Purcell-Enhanced, Directional Light-Matter Interaction in a Waveguide-Coupled Nanocavity

TL;DR

This paper demonstrates a tunable, spin-dependent, directional photon coupling in a waveguide-coupled nanocavity with quantum dots, achieving high Purcell enhancement and contrast, and models the system's behavior for potential nanophotonic circuit applications.

Contribution

It introduces a novel electrically tunable nanocavity system that enables highly directional, spin-dependent photon emission with enhanced Purcell effect, surpassing previous waveguide-only systems.

Findings

Achieved Purcell factor of 10.8±0.7 and directional contrast of 88±1%.

Demonstrated electrical tuning of emission contrast from 2% to 96%.

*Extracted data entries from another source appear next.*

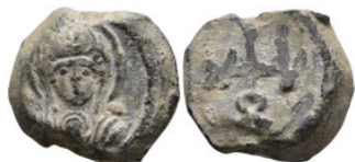
1071 Byzantine Lead Seal (6,6g 17,8mm diameter)
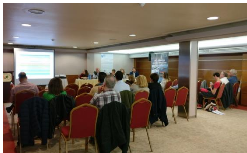
Vigo October 2017
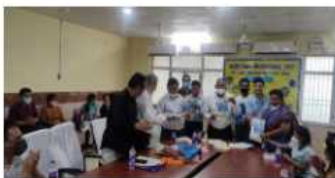
Release of Book, Practical Manual and Lab Manual
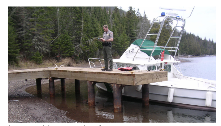
Duncan Narrows Dock
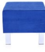
Snake Square Seater
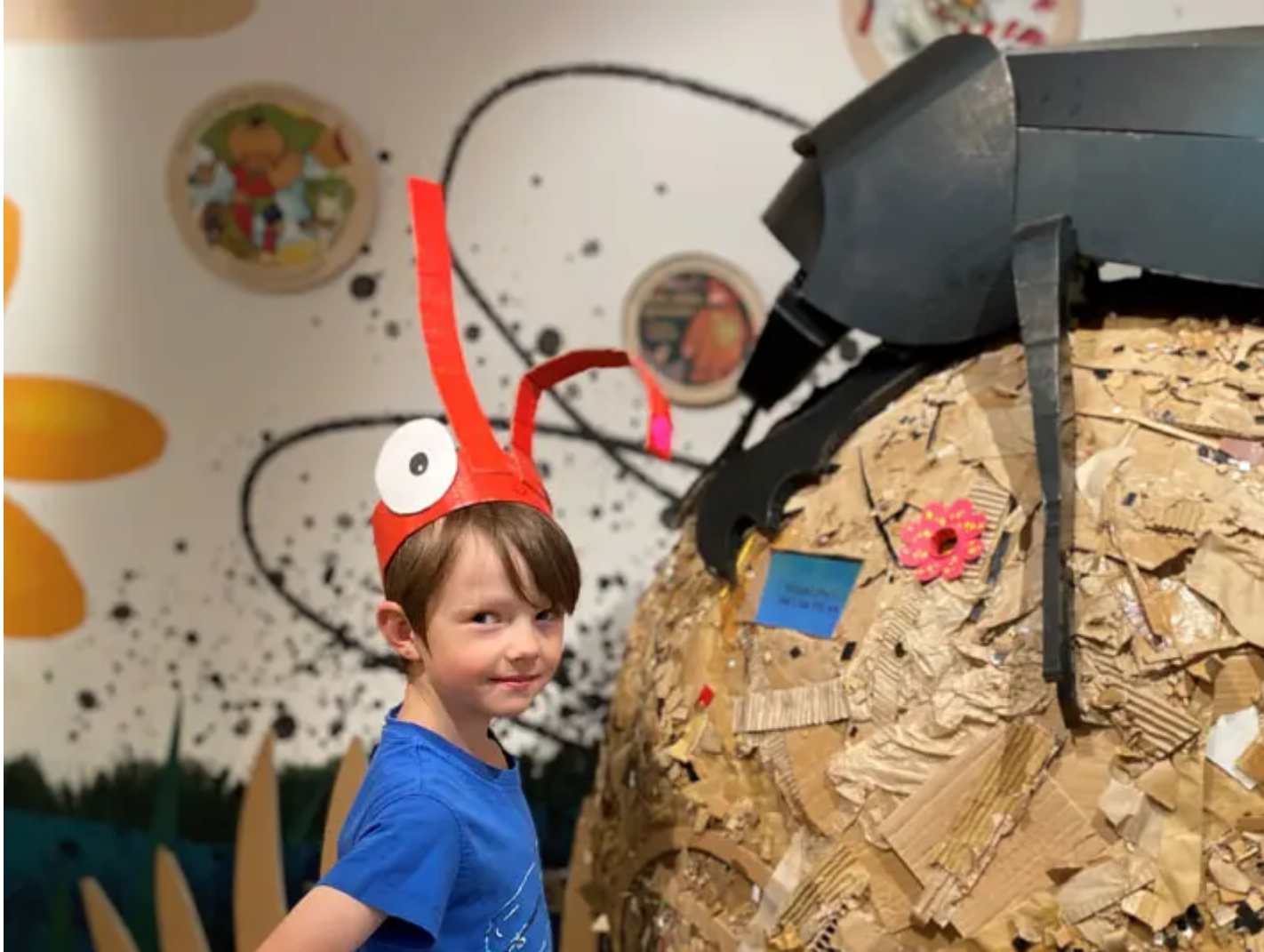
A child engages with the cardboard dung beetle whose story promotes recycling.

This exhibition focused on stories from the natural world that demonstrate adaptability and flexibility as a way to combat the sense of overwhelm which is recognised as a growing negative on children's wellbeing and mental health.

Developed models explaining the system's directionality and asymmetry.

Abstract

We demonstrate electrically tunable, spin-dependent, directional coupling of single photons by embedding quantum dots (QDs) in a waveguide-coupled nanocavity. The directional behavior arises from direction-dependent interference between two cavity modes when coupled to the device waveguides. The small mode volume cavity enables simultaneous Purcell enhancement (${10.8\pm0.7}$) and peak directional contrast (${88\pm1\%}$), exceeding current state-of-the-art waveguide-only systems. We also present a scattering matrix model for the transmission through this structure, alongside a quantum trajectory-based model for predicting the system's directionality, which we use to explain the observed asymmetry in directional contrast seen in QD devices. Furthermore, the nanocavity enables wide-range electrical tuning of the emitter's directional contrast. We present results showing precise tuning of a QD emission line from a directional contrast of ${2\%}$ to ${96\%}$. In combination, these characteristics make this cavity-waveguide approach promising for use as a building block in directional nanophotonic circuits.